Much curious information can be had from these Mohammedan traditions. Solomon, we are told, once asked an Elemental, who appeared to him in the form of a fish, as to how many there were of that kind, and received the following reply: “There are of my species alone, seventy thousand kinds, the least of which is so large that thou would appear in its body like a grain of sand in the wilderness.”
We are further told, that Solomon, by means of a certain stone, “had dominion over the kingdom of spirits, which is much greater than that of man and beasts, and fills up the whole space between the earth and heaven.” Part of these spirits believe in the only God, but others are unbelieving. Some adore the fire; others the sun; others, again, the different stars; and many of them even water. The first continually hover round the pious, to preserve them from evil and sin; but the latter seek in every possible manner to torment and to seduce them, which they do the more easily, since they render themselves invisible, or assume any form they please. Solomon desired to see the genii in their original form. An angel rushed like a column of fire through the air, and soon returned with a host of demons and genii, whose appalling appearance filled Solomon, spite of his dominion over them, with horror. He had no idea that there were such misshapen and frightful beings in the world. He saw human heads on the necks of horses, with asses’ feet; the wings of eagles on the dromedary’s back; and the horns of the gazelle on the head of the peacock. Astonished at this singular union, he prayed the angel to explain it to him: “This is the consequence,” replied the angel, “of their wicked lives and their shameless intercourse with men, beasts and birds; for their desires know no bounds; and the more they multiply, the more they degenerate.”
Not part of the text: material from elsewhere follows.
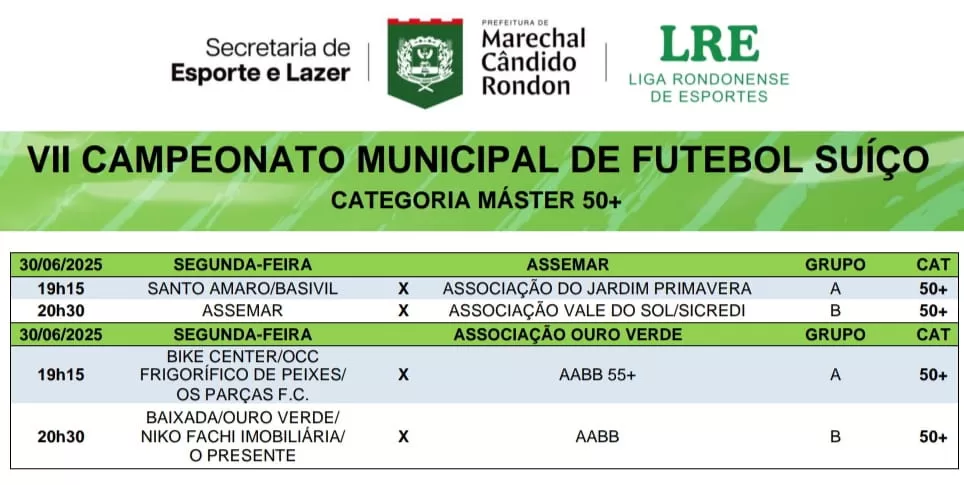 Após o adiamento da 1ª rodada da categoria Máster (50+) na última segunda-feira (23), nesta quarta-feira (25) foi a vez do frio adiar também o início da categoria Veterano (40+) do Campeonato Municipal de Futebol Suíço Veterano (40+) 2025, promovido pela Secretaria de Esporte e Lazer de Marechal Cândido Rondon em parceria com a Liga Rondonense de Esportes.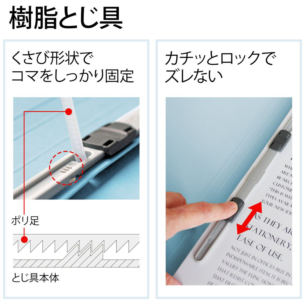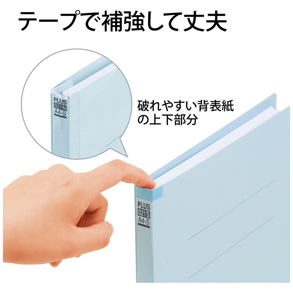 ・地球環境にやさしい、カラフルでスリムなフラットファイルの背補強タイプ。・棚や書庫からファイルを出し入れする際、背表紙の上部に指をかけてとることが多いオフィスの環境でも、背表紙上部を補強してあるので傷みにくいタイプです。・破れやすい背表紙の上下部分をテープで補強しているので、くり返し指をかけてもボロボロになりにくいです。頻繁に取り出す書類の保管におすすめです。・「ノンステッチ」なので、とじ具を外すだけ、簡単・分別廃棄!表紙とじしろ部の金属ステッチをなくした、のりによる接着式です。針の取り外しがいらない簡単分別で、背表紙の浮きもなく、すっきりと収納できます。・丈夫で使いやすい、しかもエコ。強度のある古紙パルプ配合の再生紙を使用。丈夫で使いやすさも抜群です。・100%再生樹脂とじ具を使用。100%再生ポリプロピレン(PP)製薄型とじ具を採用。クリーン焼却できる素材です。・ズレることなくしっかりファイル。とじ具に3つ山ストッパーを採用し、背幅に応じて書類をしっかり保持します。

(2) The second group consists of those of Fire and Air; they are lower in order than the former, those of Fire, but they are good and wise. They are also invisible. They inhabit, like the former, the upper regions.
(3) The third group consists of those of Fire, Air and Water, they are sometimes visible to our senses.
(4) The fourth class is also made of Fire, Air and Water, but have besides an element of Earth in their constitution. They may be fully seen by human eyes.
This class and those of the third are of a wicked disposition and deceive men, and are glad to do us harm. They have no moral sense at all. Some of them live in the waters, some in the mountains and deserts, and some in filthy places. Some of them are hideous to look upon, and are said to be met with even in open daylight.
The two first classes mentioned stand bodily next to men and are very dangerous. They possess extraordinary powers, standing, as they do, between the visible and the invisible worlds. They have some knowledge of the future and are particularly wise in regard to natural things. Some of these have in the time past been worshipped as gods and national deities. The Kabbala is quite emphatic in warnings against them, saying that they are untrustworthy because “their natural affinities are towards the lower realms of existence, rather than the higher.”
All these elementals, whatever class they belong to are subject to dissolution. Their lives are not centred on an eternal principle. They die—and that is the end of them.
It is also worthy of notice that there is a close parallel between the teachings of the Kabbala on this point with that of the Vishnu Purana regarding the composition of the descending order of emanations. According to the Kabbala, as we have just heard, the Elementals of the first order were pure Fire, those of the next were Fire plus Air, those of the next Fire, Air, and Water, while those of the lowest order consisted of Fire, Air, Water plus Earth. Each of them as they live on a lower plane add a new element to their constitution. The same law is found in the groupings of the elements according to the Vishnu Purana. The purest one is Ether and has only one property, sound. The next is Air which to sound adds touch; the next is Fire, which to sound and touch adds colour; the next is Water, which to the three former adds a fourth, taste; the last is Earth, which to all the former adds smell, thus possessing five properties.
The harmony in the teachings of these two authorities, resting as they do on so different a basis is an additional argument for the truths of their teachings on the main subject.